A dumb idea isn’t forever, even in government. This is our first reaction to the landslide decision by California voters Tuesday to end the strange 30-year experiment known as "bilingual education." It can take awhile, but democracies usually get around to doing the right thing.
The 61% support for Proposition 227 is all the more amazing because it was achieved despite opposition from elites of all kinds and from both political parties. All four of the major candidates for governor opposed it. The politically correct big city dailies all fought it. The owner of the biggest Spanish-language TV empire threw $1.5 million of his own cash to defeat it. President Clinton piled on.
Only average voters liked it, apparently voters of all ideologies and ethnicities. As of this writing, we don’t have the final exit poll figures.
But a Los Angeles Times poll 10 days before the vote showed 62% support for the measure even among registered Latino voters. White support was 64%
in the same poll. Ron Unz, the software entrepreneur who was 227’s main backer, says the measure did better than any contested initiative since Proposition 13 on taxes 20 years ago.
The sweep of this victory tells us several things of national import.
One lesson is the value of the initiative process in breaking up special-interest logjams. Bilingual education began 30 years ago as a well-meaning liberal experiment. But it grew to become another bureaucratic entitlement, even as it provided no real benefit to kids.
The original bilingual program expired in California as long ago as 1987.
But it lived on because neither party would challenge the potent combine of a state bureaucracy that wanted the bilingual cash subsidy and Latino pols who played the race card. The California legislature wouldn’t reauthorize the program, but also wouldn’t challenge self-sustaining bureaucratic orders to local school boards. Only when Mr. Unz put the issue on the ballot did the political process begin to respond to the numerous complaints from parents who wanted their kids taught in English.
The success of 227 also bodes well for the American model of immigrant assimilation. These columns have resolutely favored open immigration.
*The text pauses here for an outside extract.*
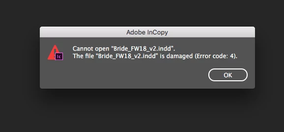 InCopy damaging files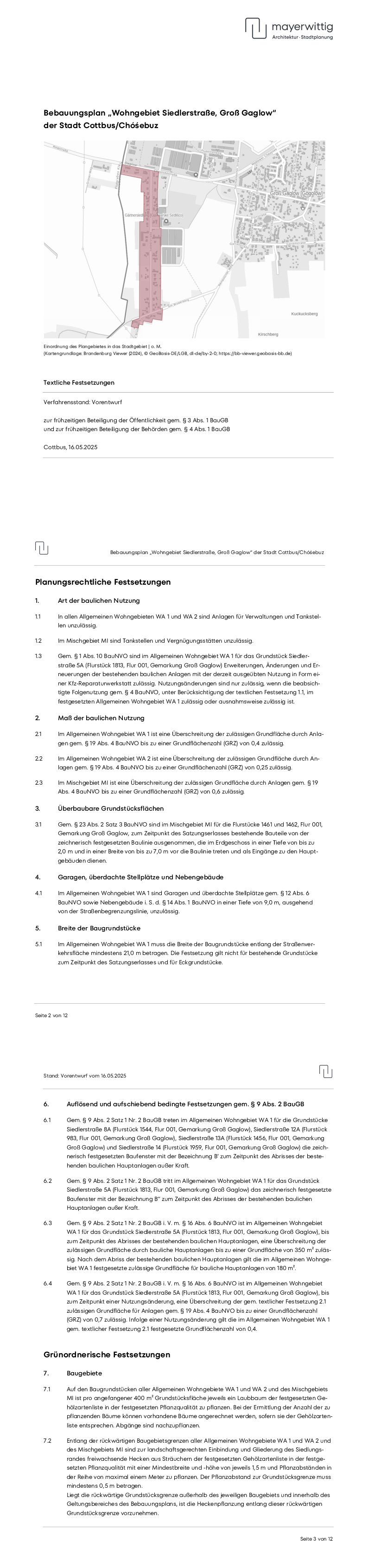 Die Stadtverordnetenversammlung der Stadt Cottbus/Chóśebuz hat am 29.03.2023 in öffentlicher Sitzung gemäß § 1 Abs. 3 Baugesetzbuch (BauGB) die Aufstellung des Bebauungsplanes „Wohngebiet Siedlerstraße, Groß Gaglow“ beschlossen.

But we are the first to admit that such a policy is sustainable only if immigrants are able and willing to become part of the broader American culture.
Prop. 227’s victory is a reassuring sign that most Latino immigrants understand that becoming American means being able to speak English. It’s a rebuke to those liberal multiculturalists who favor separate cultural enclaves–in particular to MALDEF and the National Council of La Raza, two professional Hispanic lobbies that have shamefully played sectarian ethnic politics. And it’s a rebuke to those nativist conservatives who want to build a Buchanan Fence to keep out anyone with a brown complexion.
If we’re really lucky as a democracy, the Prop. 227 vote will also restore a more healthy political competition for Hispanic votes. The 1994 fight over anti-immigrant Prop. 187 had a polarizing effect on Hispanics that is dangerous to social comity. Democrats began to think they could demagogue on matters of ethnicity the way they have so often on race to lure black voters. They tried it again on 227, but, thankfully, without much result.
Republicans, for their part, have been so skittish since Prop. 187 that they’ve barely had anything at all to say to Hispanic voters. They fled from 227 because they thought they could be branded anti-Hispanic. The only prominent Republican to endorse 227 was Los Angeles Mayor Richard Riordan,
who had built up a store of credibility among Hispanic voters and so couldn’t easily be stereotyped. (He also knows the problems of Los Angeles schools up close.) The 227 vote should tell Republicans they can appeal to Hispanic voters even on controversial subjects if that appeal is rooted in substance and principle.
The American political process is so balky it sometimes seems like nothing ever changes. But over time it usually gets to the right conclusion. The landslide for 227 looks to us like a big political event, a populist blow for a common language that signifies the desire for at least a basic common national culture. Like the tax revolt of 20 years ago, it is likely to spread nationwide. Maybe even the politicians will notice.